Claire: (stepping into the room) I have spent a lot of time in rooms like this, only better designed. Most often Bauhaus, frequently artificially homey. But there was always a sink somewhere with a mirror. Growing up as I did, a therapist was as commonplace as a nanny. Money buys services to smooth over any disruption in day-to-day life. Well, as you may have guessed, I was depressed. I do not like that term. I was not depressed. I was not sad. I just did not want to deal with what I saw for what I saw was unreal. So I quietly withdrew. I tried to find where I was located in this body. What spot contained me. Maybe there was this tiny dot at the back of my head or submerged in an organ. This meant that I did not want to enter the social life that surrounded my parents. So off to some private and expensive clinic to induce any contribution to my class. No different than being a doctor or a lawyer. I did not like the role. I put up resistance. My parents paid for therapists. (she goes overt to the mirror) One day when I was 16 and in an office cum study, my confessor was called away. I walked over to the mirror. Not one like this, but a marvel of 16th-century baroque carving. I wanted to see myself to make sure I was present. You know what I saw? The head of a large black bird where I expected to see a face with which I was at least vaguely familiar. I liked that bird. I thought, examining the iridescent sheen of those feathers, that to be a bird would be something living, a living entity that knew what to do from minute to minute, going about each day doing. The eyes particularly were mirrors to nothing, just camera lens working. I liked those empty eyes. A momentary intrusion for the unconscious. A large black bird, a convenient symbol. But this experience seems to be common among my clan of misfits. A long line of young women staring into mirrors and out stares the head of a bird. Madness, too, lacks originality. In the meantime, I have to think, make plans, act out. Consciousness is highly overrated. It is what gets me into trouble. That quagmire of thought. But who can depend on the unconscious? By its nature, it is not dependable, another riddle to bore you.
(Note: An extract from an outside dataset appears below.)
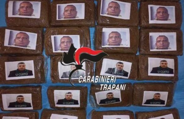 ma la sorpresa è stata quando i carabinieri hanno ispezionato il magazzino e si sono trovati dinanzi a una partita di stupefacenti di vario tipo, tra cui anche panetti di hashish ‘marchiati’ con le foto di Matteo Messina Denaro, di Salvatore Riina, e del personaggio de Il padrino. I carabinieri hanno complessivamente sequestrato 13 kg di hashish, 700 grammi di cocaina pura e 700 grammi di marijuana contenuta in diversi sacchetti di plastica.

Muchael: Let's leave this place. (they go back to the bridge and sit on the steps, facing the audience) You see that white jacket. At one time, before synthetics, they were actually starched. When I was about 8 years old I was visiting my grandmother who lived in New York City on the Upper East Side in what was once a Czechoslovakian neighborhood. She and my grandfather, who died before I was born, immigrated from a small village 50 miles outside Prague. She had an apartment on the second floor overlooking 73rd Street, an asylum she rarely left because she had a heart condition. One day she motioned to me and gave me some money to buy from the grocer in the next building something she had written on a slip of paper. I could not speak or read Czech, but I had limitless empathy. So I took the note and the money and went shopping. The elderly couple who owned the grocery did not understand what was beautifully inked on that slip of paper. So I took it to may aunt who lived on the ground floor. My grandmother wanted a box of starch. Every time, in the morning, before office hours, when I put on that white jacket I would think of that story. It helped me through a 40-year practice. It gave dimension to those sterile cells in which I gained my ability to fake care.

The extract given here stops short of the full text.